> _EXERCISE AIM_:
Restate word for word the lines below from the one that has "Kontorsstolen 9000 från" through the one that has "This season, your", keeping both and dropping all pictures.

> _INFORMATION SUPPLIED_:
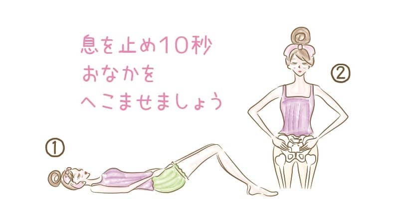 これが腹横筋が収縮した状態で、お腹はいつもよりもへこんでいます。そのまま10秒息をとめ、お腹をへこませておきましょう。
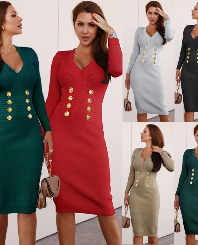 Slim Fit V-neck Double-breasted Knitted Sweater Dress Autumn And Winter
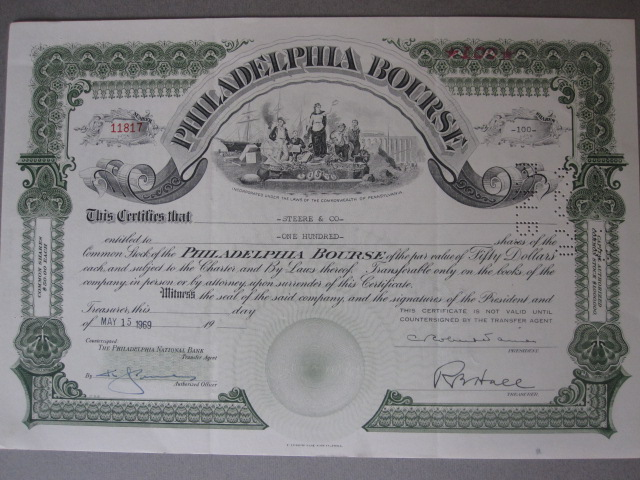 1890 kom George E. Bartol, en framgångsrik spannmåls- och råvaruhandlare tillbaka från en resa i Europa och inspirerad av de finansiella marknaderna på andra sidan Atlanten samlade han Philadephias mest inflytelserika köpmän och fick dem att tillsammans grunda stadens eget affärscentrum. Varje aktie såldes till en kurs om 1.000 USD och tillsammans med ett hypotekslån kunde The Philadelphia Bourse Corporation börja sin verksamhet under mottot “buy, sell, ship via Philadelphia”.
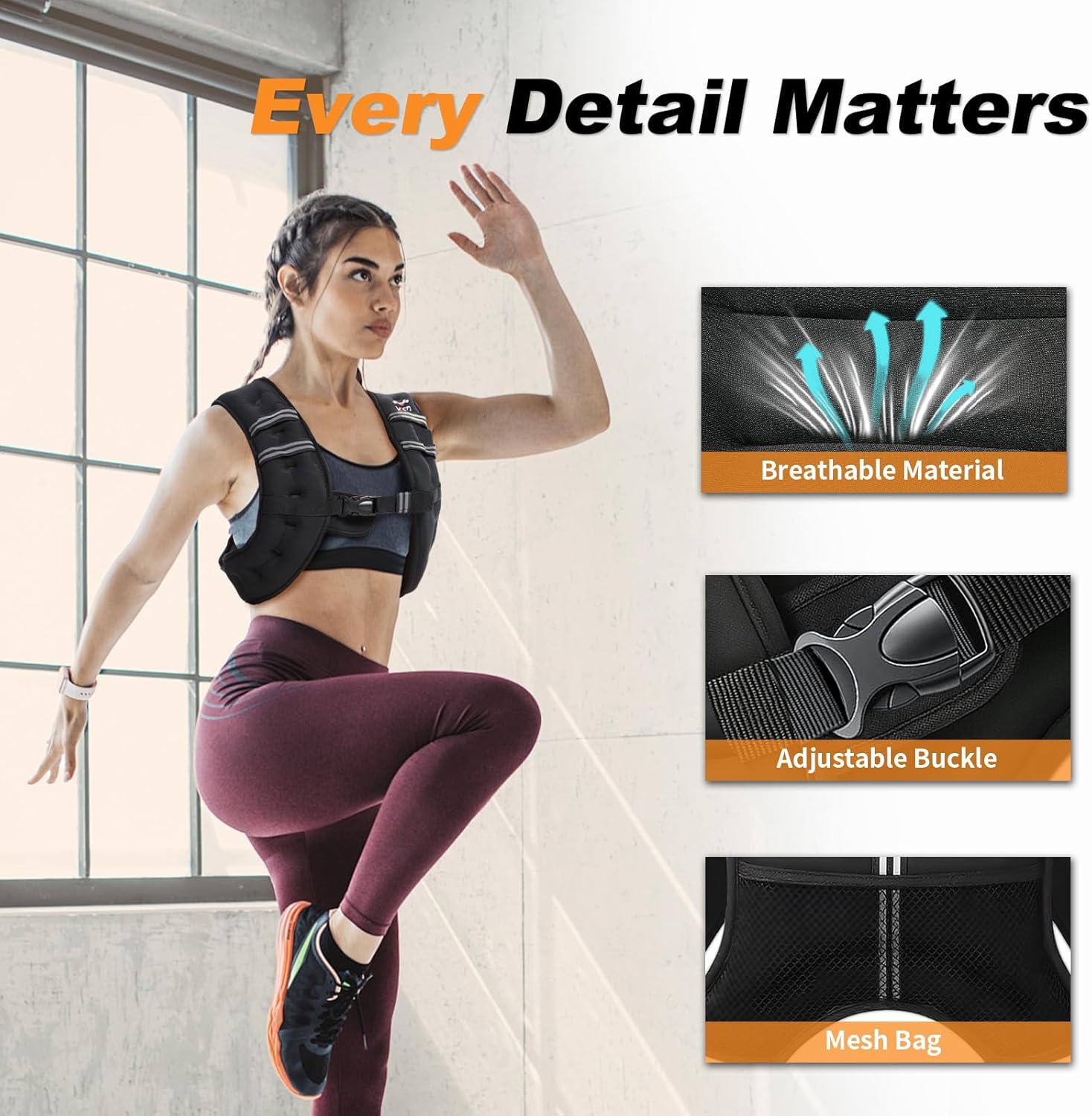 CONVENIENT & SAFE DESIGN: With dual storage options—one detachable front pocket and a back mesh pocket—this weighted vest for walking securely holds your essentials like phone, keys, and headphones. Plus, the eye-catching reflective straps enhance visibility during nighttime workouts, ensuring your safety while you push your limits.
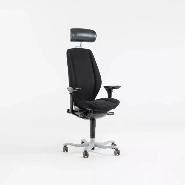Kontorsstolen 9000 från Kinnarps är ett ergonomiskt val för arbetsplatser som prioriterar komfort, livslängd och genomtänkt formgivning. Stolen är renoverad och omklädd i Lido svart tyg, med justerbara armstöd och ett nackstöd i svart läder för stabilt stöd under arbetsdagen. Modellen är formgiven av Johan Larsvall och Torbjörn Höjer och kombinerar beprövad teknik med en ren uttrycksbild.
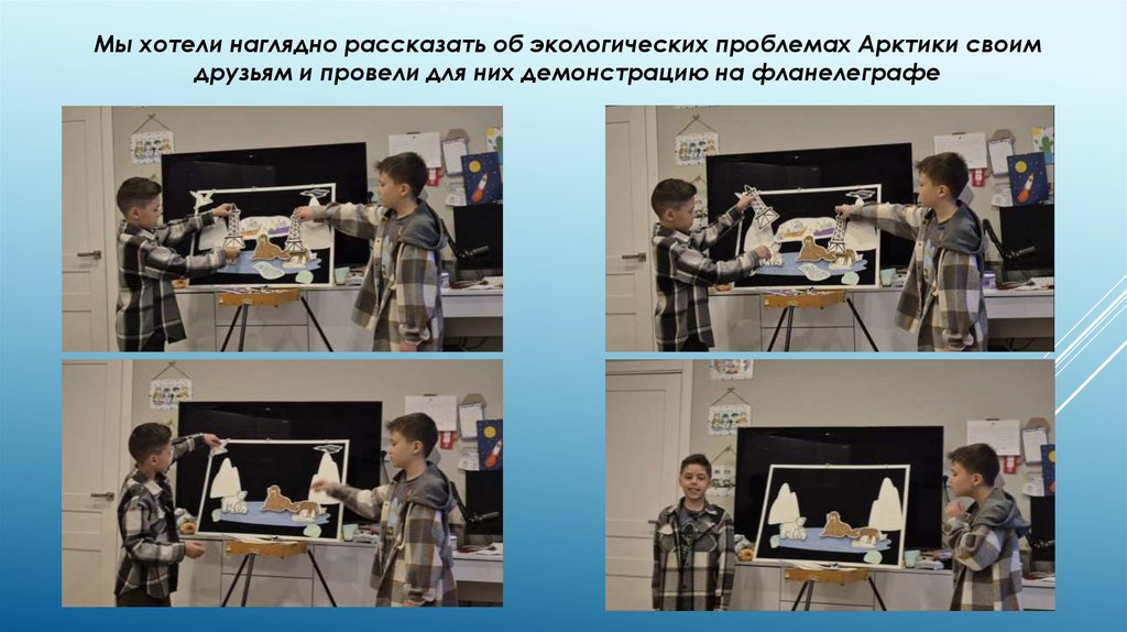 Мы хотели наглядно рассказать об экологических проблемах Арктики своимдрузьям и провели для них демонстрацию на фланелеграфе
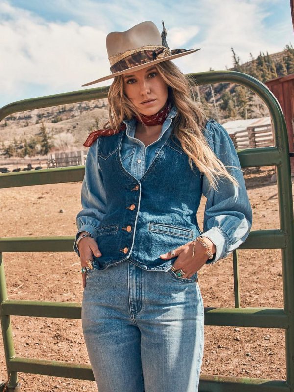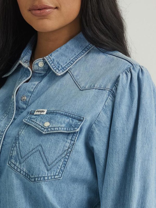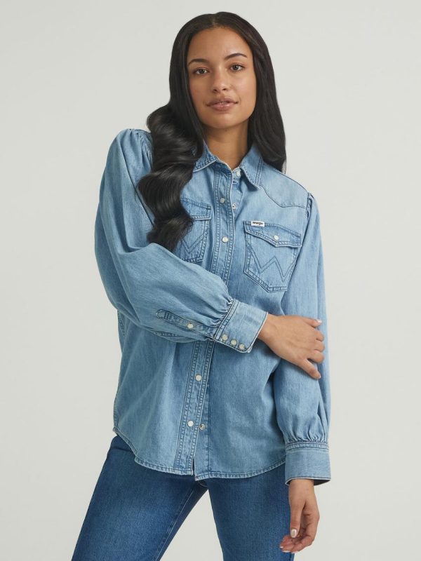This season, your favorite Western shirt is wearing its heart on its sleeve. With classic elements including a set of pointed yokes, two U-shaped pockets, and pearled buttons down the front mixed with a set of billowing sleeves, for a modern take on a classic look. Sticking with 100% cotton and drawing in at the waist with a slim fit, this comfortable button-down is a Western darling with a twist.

==

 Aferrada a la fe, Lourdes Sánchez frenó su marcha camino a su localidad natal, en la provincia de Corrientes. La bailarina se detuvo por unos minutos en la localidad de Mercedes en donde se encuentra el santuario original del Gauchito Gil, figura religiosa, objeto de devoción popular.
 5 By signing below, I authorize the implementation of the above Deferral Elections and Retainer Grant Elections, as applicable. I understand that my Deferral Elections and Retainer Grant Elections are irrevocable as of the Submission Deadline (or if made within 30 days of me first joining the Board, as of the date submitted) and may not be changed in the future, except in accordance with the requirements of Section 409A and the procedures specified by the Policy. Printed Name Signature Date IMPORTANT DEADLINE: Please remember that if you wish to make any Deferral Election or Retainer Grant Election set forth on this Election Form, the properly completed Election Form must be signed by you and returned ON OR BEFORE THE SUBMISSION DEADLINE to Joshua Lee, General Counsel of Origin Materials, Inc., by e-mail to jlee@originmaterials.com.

> _OUTPUT OF THE TASK_:
Kontorsstolen 9000 från Kinnarps är ett ergonomiskt val för arbetsplatser som prioriterar komfort, livslängd och genomtänkt formgivning. Stolen är renoverad och omklädd i Lido svart tyg, med justerbara armstöd och ett nackstöd i svart läder för stabilt stöd under arbetsdagen. Modellen är formgiven av Johan Larsvall och Torbjörn Höjer och kombinerar beprövad teknik med en ren uttrycksbild.
 Мы хотели наглядно рассказать об экологических проблемах Арктики своимдрузьям и провели для них демонстрацию на фланелеграфе
This season, your favorite Western shirt is wearing its heart on its sleeve. With classic elements including a set of pointed yokes, two U-shaped pockets, and pearled buttons down the front mixed with a set of billowing sleeves, for a modern take on a classic look. Sticking with 100% cotton and drawing in at the waist with a slim fit, this comfortable button-down is a Western darling with a twist.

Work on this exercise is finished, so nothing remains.